Thanks for the info. In that case, I really hope it was good news.


----------



## CaliChan (Mar 29, 2013)

Oh no I had she had good news! She's so talented and gives great advice.


----------



## christinak (Mar 29, 2013)

When does she usually log on?  Im on here all day and night....yeah, I have no life.  I haven't seen her at all   I will be watching for her today!


----------



## ruby61 (Mar 29, 2013)

I think this forum has some incredible caring people.  Let me tell you as a Rn positive thinking and prayer go a long way.  I hope all is well with her, she is in my thoughts.


----------



## Moonshea Botanicals (Mar 29, 2013)

I truly believe that we are more than a soapmaking community....we are a family. I hope R&R got good news.


----------



## AngelMomma (Mar 29, 2013)

Been thinking of you too R&R!


----------



## lizflowers42 (Mar 29, 2013)

I haven't been on here as much as usual, but I did notice she hasn't been blessing us with her pretty soaps to drool over


----------



## christinak (Mar 29, 2013)

Just in case you haven't heard, R&R is fine and dandy.


----------



## Shannon_m (Mar 29, 2013)

I just read... thank goodness!!!!


----------



## marghewitt (Mar 29, 2013)

I am sure she is out celebrating her good news!


----------



## SoapPapaw (Mar 29, 2013)

I dont think I have met who you are talking about. But i really like the concern you are showing for a missed friend.


----------



## Lion Of Judah (Mar 29, 2013)

glad to hear that she got good news and is doing fine ...... may your blessing continue to multiply


----------



## lizflowers42 (Mar 29, 2013)

SoapPapaw said:


> I dont think I have met who you are talking about. But i really like the concern you are showing for a missed friend.

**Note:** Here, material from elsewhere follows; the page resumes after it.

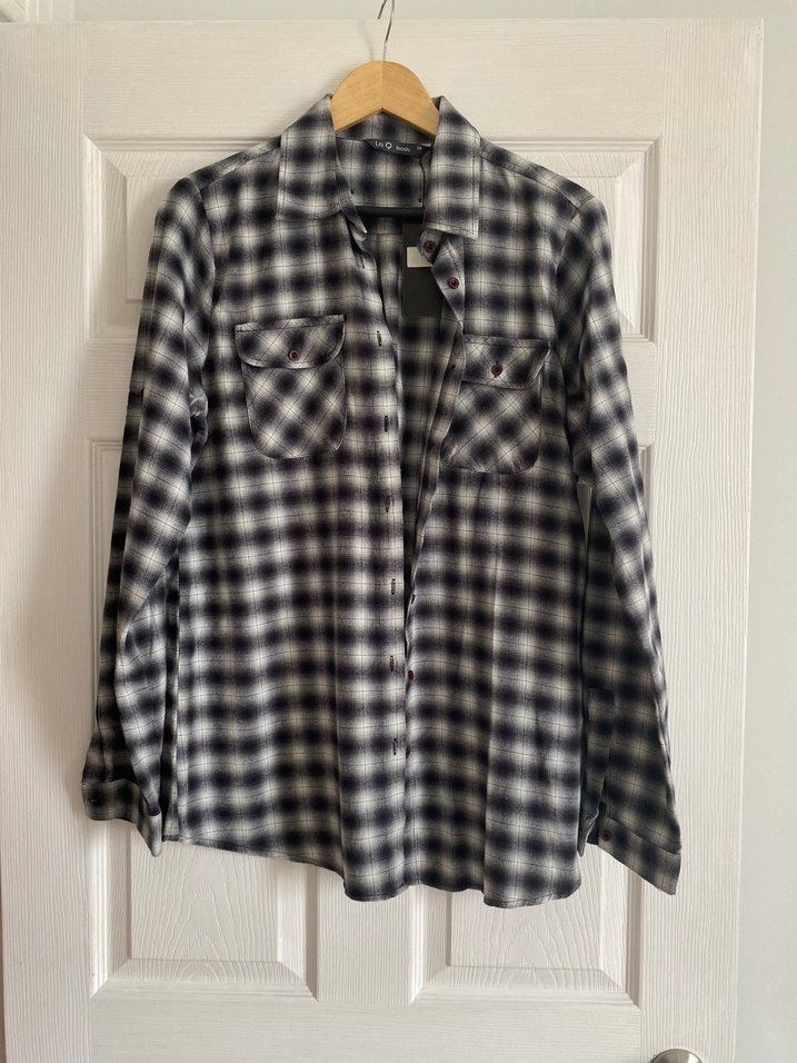 Gri kareli, düğmeli, uzun kollu, yakalı kadın gömleği. Pamuk kumaştan, rahat kesim ve normal boyda, günlük sokak stili için uygun.

Rock&Royalty is who we are speaking of--very very talented and helpful forum member!!  She has lots of soap porn in the gallery!


----------



## Cherry Bomb (Mar 29, 2013)

Awesome and amen!!!! Great news!!!!


----------



## RocknRoll (Mar 29, 2013)

Wow, thanks everyone for all of your concern! I am so touched and yes, we ARE a family here! I'll start a new thread with more details in a second..... :razz:


----------